Records from a data collection:

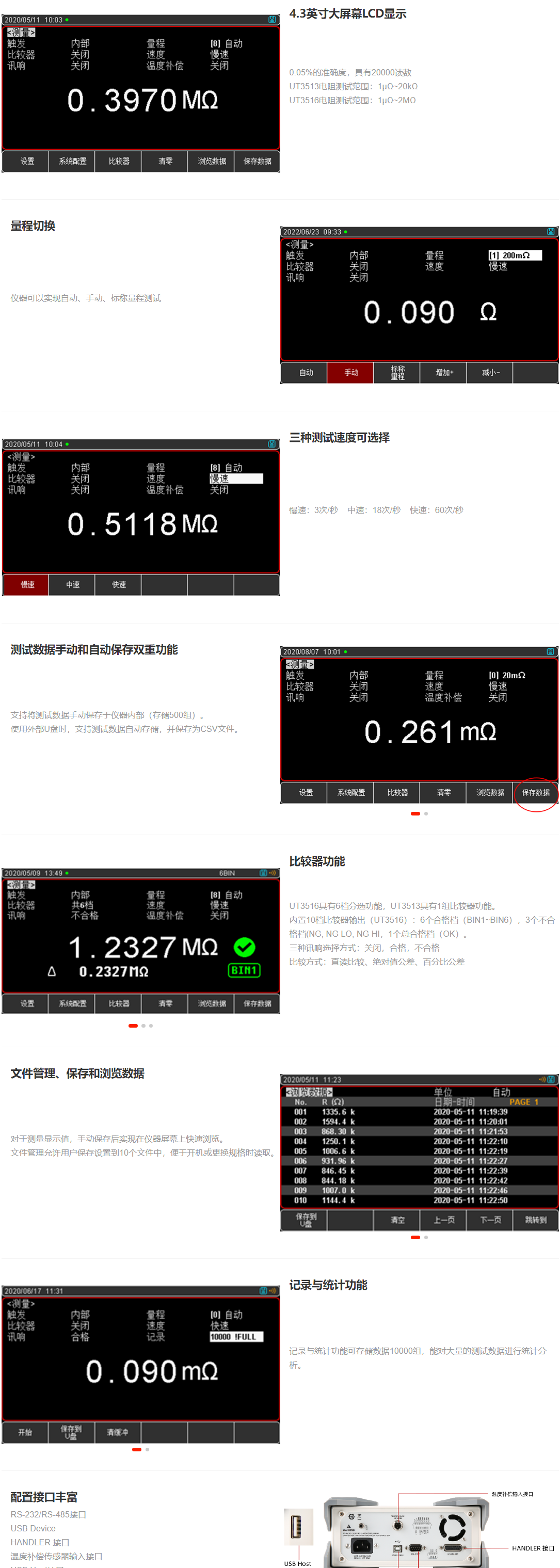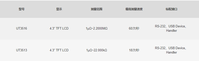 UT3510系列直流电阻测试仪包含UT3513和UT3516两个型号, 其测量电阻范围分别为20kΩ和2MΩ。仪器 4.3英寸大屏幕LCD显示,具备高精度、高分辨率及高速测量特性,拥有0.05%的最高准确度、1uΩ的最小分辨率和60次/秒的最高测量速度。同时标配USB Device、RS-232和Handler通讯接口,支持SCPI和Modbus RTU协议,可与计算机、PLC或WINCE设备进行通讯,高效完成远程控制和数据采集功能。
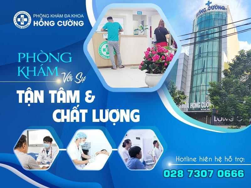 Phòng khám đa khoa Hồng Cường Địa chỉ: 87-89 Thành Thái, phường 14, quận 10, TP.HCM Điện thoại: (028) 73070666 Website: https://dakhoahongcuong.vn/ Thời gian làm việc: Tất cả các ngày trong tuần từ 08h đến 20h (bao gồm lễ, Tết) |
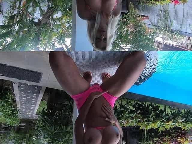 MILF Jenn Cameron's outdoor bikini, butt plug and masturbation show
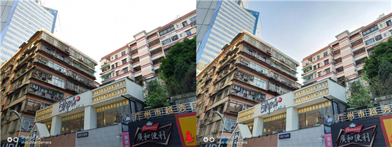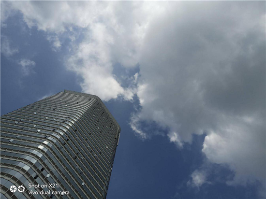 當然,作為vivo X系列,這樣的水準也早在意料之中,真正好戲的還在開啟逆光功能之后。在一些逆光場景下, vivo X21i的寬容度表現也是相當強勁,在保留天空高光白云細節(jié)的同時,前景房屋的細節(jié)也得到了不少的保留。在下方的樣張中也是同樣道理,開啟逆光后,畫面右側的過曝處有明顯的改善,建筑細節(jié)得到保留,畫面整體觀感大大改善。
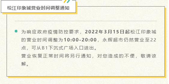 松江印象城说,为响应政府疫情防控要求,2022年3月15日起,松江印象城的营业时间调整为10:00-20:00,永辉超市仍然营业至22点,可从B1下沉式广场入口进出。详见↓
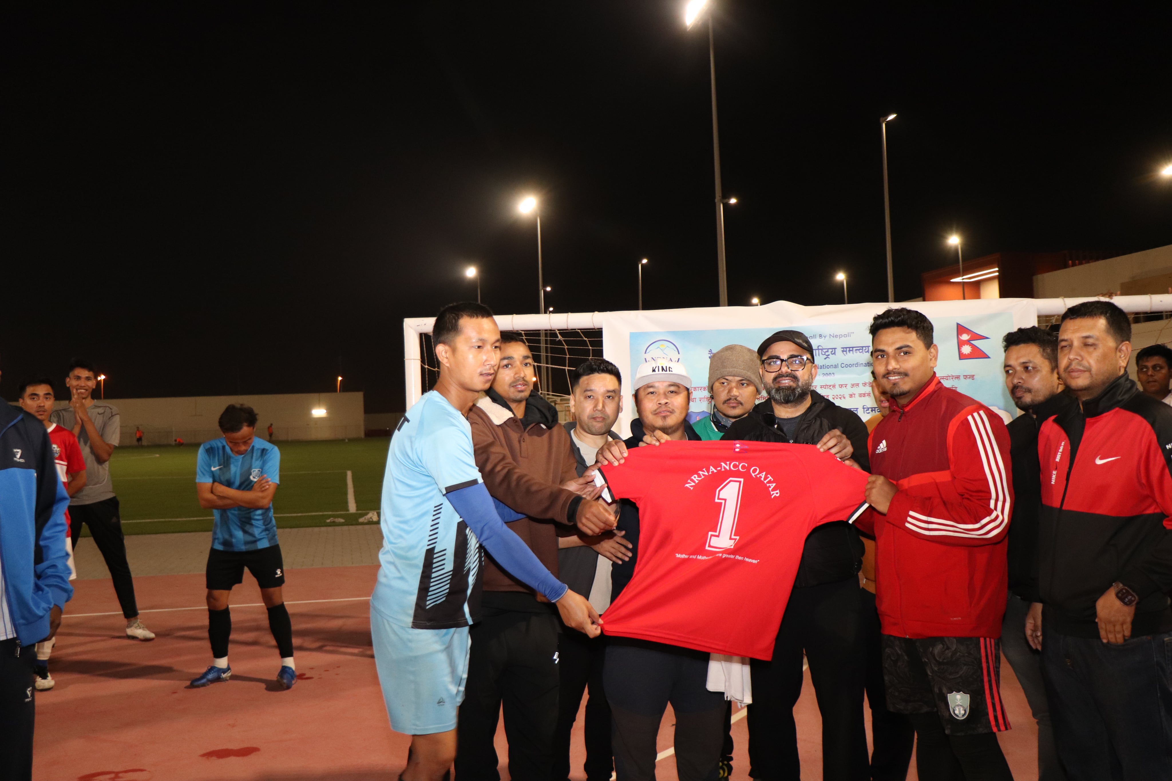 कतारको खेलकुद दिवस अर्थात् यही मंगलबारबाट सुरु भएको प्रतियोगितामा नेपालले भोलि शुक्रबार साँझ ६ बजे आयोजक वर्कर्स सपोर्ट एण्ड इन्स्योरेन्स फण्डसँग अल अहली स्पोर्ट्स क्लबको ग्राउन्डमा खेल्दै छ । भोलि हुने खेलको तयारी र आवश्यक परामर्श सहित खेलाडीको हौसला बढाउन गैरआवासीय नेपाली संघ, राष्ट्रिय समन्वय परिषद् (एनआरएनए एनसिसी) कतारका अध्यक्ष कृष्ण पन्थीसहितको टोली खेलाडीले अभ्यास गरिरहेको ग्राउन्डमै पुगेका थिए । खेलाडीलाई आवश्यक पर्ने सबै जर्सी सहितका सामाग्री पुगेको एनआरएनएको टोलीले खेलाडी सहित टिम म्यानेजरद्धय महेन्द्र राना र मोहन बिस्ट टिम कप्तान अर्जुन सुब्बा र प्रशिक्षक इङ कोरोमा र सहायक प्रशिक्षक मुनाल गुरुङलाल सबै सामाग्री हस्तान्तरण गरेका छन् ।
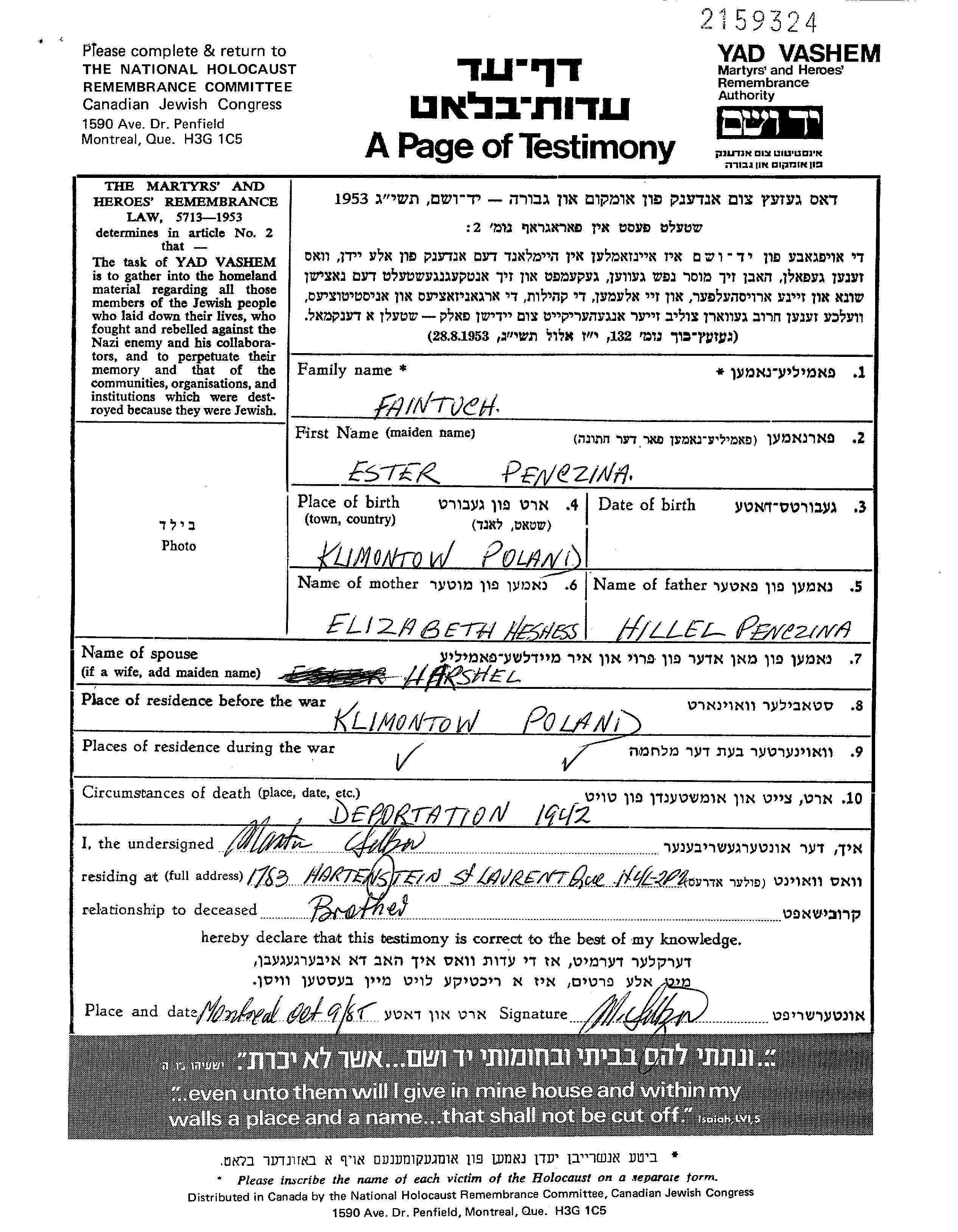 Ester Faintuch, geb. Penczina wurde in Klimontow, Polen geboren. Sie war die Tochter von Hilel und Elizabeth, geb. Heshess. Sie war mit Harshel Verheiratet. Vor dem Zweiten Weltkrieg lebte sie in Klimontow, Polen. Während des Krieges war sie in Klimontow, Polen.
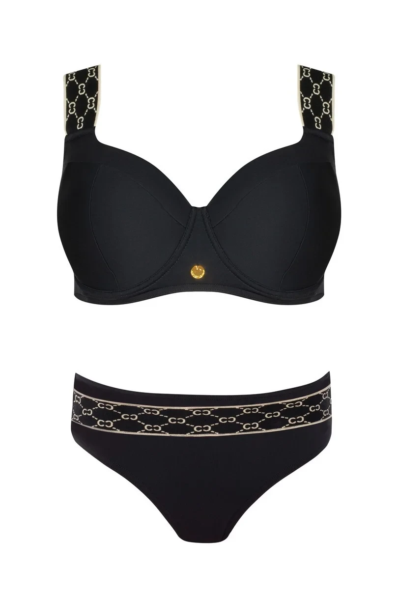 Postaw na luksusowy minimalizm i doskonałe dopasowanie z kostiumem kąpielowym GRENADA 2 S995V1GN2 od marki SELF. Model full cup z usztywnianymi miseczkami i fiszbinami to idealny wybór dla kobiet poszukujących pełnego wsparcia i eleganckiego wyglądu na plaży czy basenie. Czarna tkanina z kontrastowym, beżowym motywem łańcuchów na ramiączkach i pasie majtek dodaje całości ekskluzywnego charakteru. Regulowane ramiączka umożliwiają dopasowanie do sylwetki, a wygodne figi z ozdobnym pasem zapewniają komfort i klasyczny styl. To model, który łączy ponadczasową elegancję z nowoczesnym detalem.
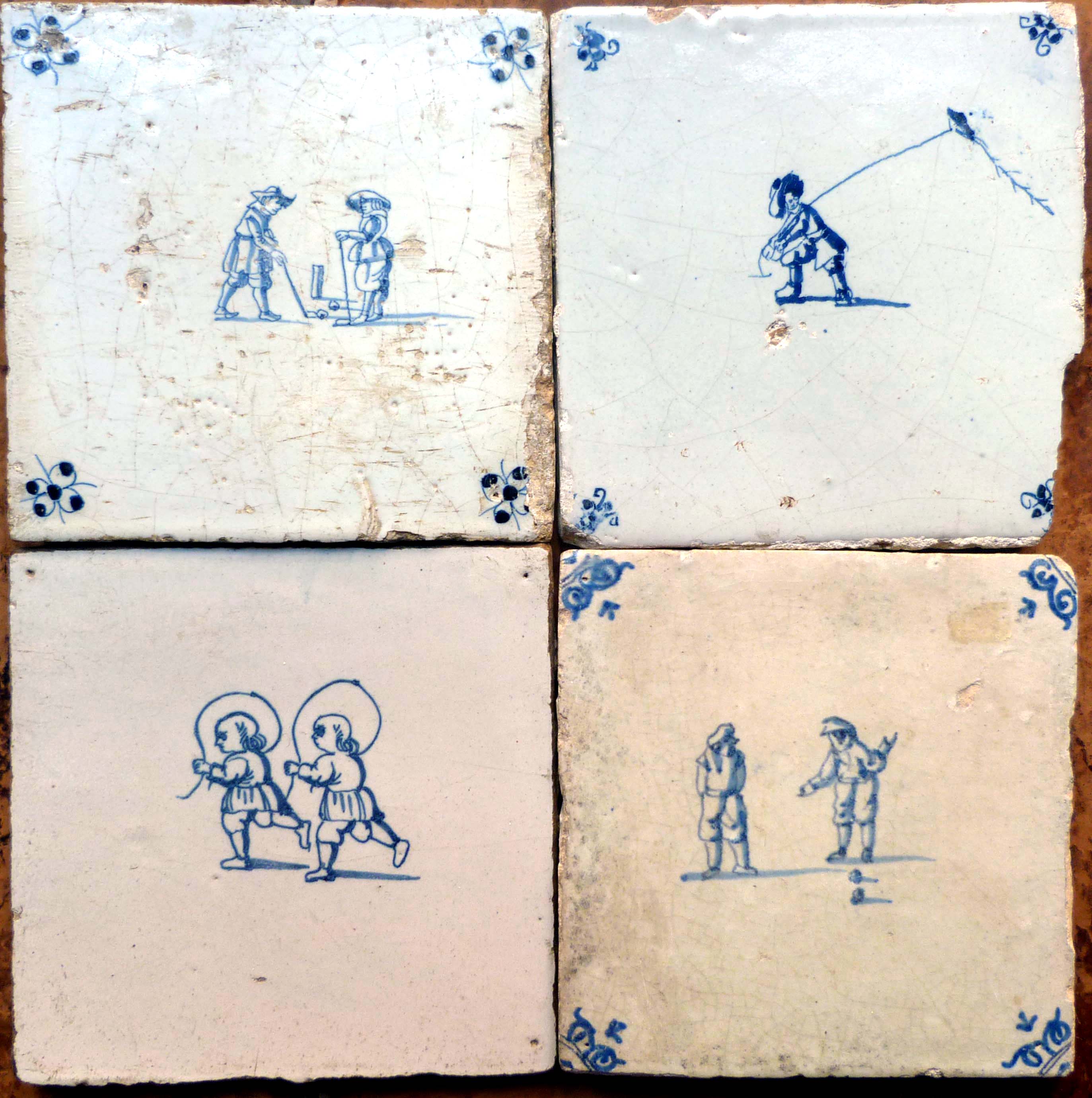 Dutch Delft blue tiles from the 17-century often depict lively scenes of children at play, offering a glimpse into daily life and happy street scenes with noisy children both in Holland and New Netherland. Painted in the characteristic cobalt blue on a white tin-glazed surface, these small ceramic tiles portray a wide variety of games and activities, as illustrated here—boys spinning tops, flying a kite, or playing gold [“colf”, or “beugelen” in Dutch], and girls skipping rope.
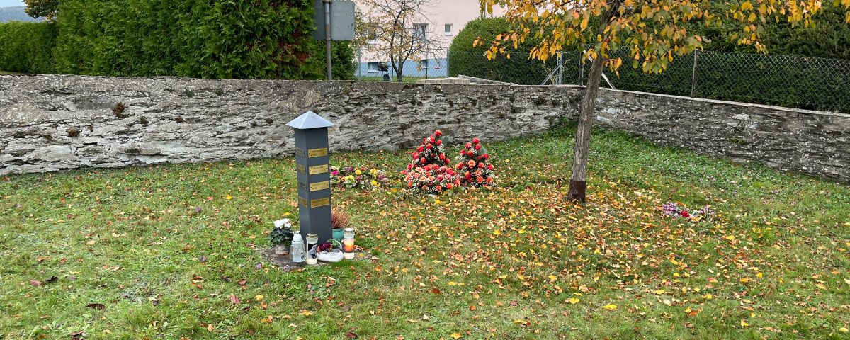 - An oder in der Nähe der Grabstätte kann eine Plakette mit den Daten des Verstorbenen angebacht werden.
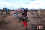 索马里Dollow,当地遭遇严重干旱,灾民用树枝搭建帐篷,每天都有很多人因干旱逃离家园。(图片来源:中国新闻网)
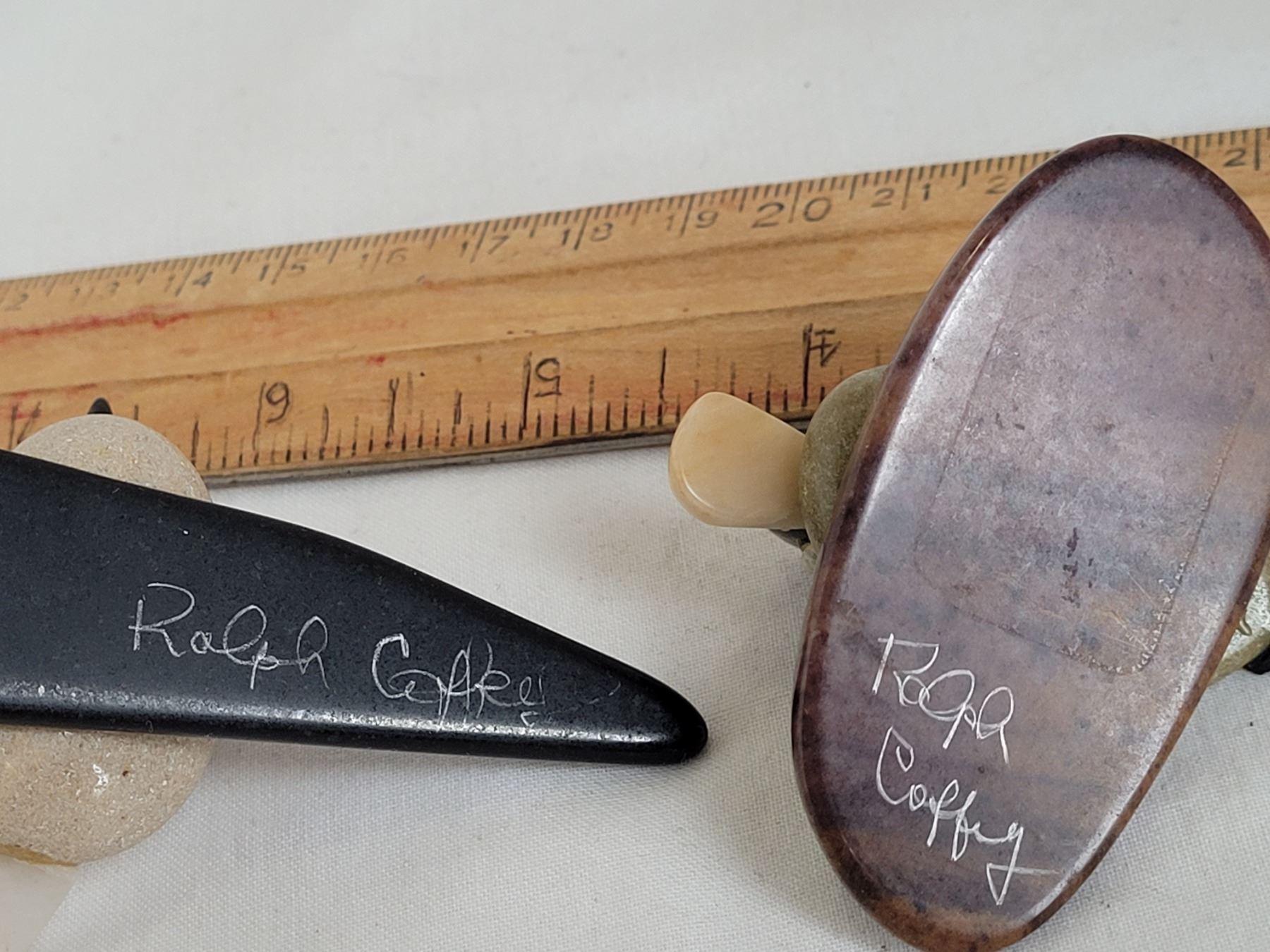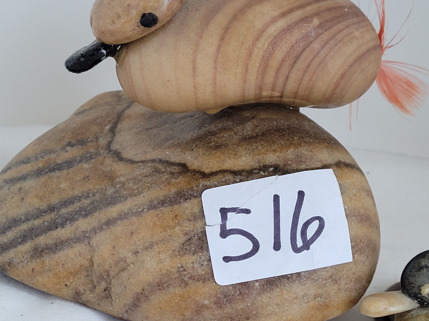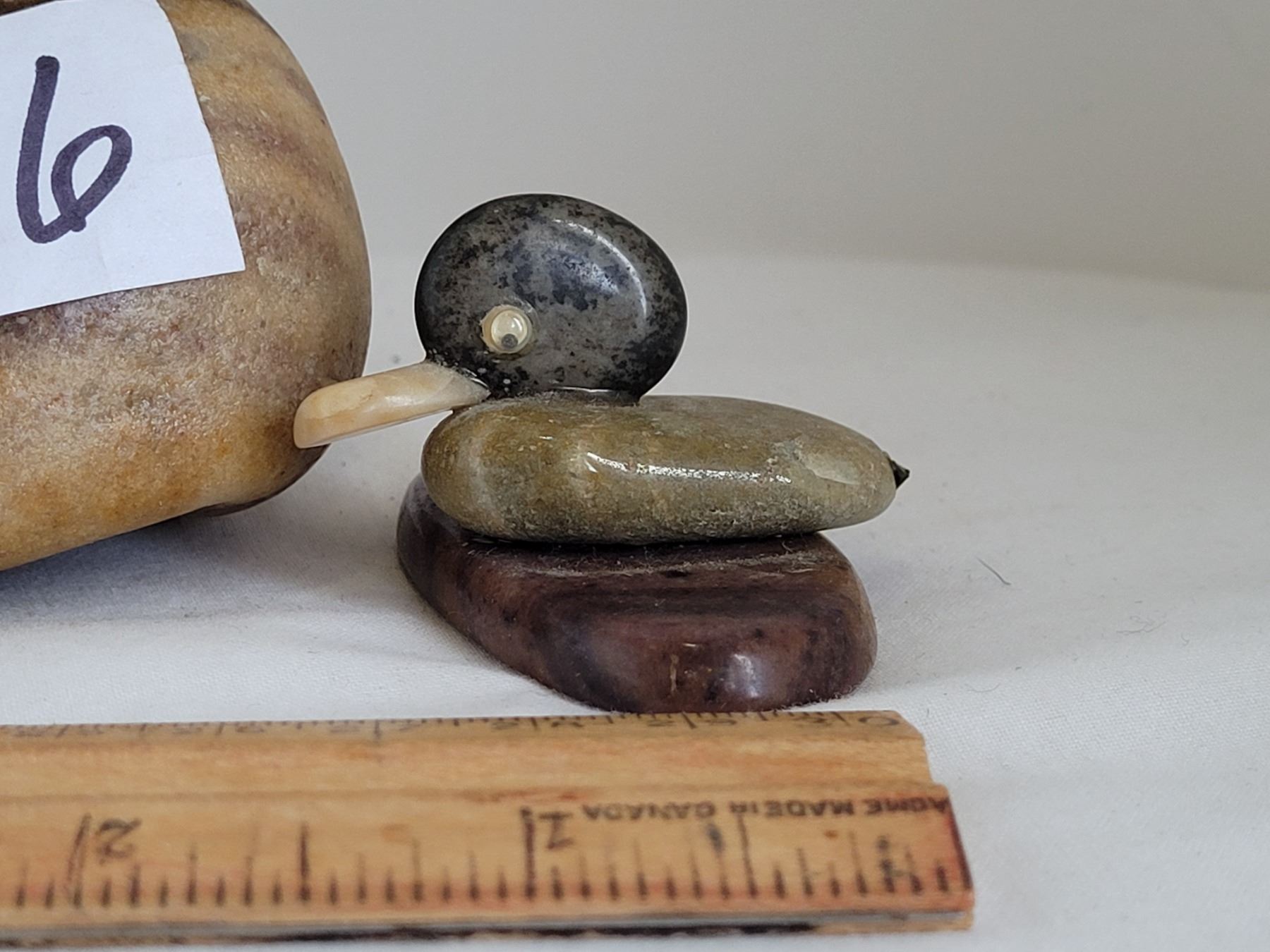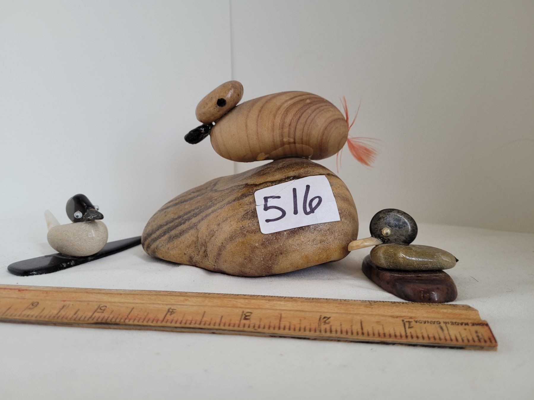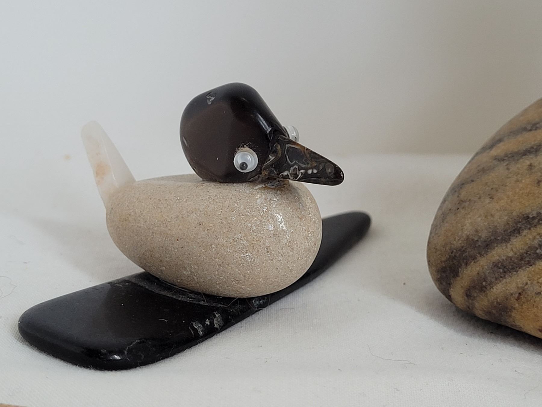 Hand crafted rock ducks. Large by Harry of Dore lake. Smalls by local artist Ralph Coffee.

ACTION ITEM:
What is needed is an exact restatement of every line from the one containing "Dutch Delft blue" through the last line of the records, pictures left out.

RESULT FOR THIS TASK:
 Dutch Delft blue tiles from the 17-century often depict lively scenes of children at play, offering a glimpse into daily life and happy street scenes with noisy children both in Holland and New Netherland. Painted in the characteristic cobalt blue on a white tin-glazed surface, these small ceramic tiles portray a wide variety of games and activities, as illustrated here—boys spinning tops, flying a kite, or playing gold [“colf”, or “beugelen” in Dutch], and girls skipping rope.
 - An oder in der Nähe der Grabstätte kann eine Plakette mit den Daten des Verstorbenen angebacht werden.
 索马里Dollow,当地遭遇严重干旱,灾民用树枝搭建帐篷,每天都有很多人因干旱逃离家园。(图片来源:中国新闻网)
 Hand crafted rock ducks. Large by Harry of Dore lake. Smalls by local artist Ralph Coffee.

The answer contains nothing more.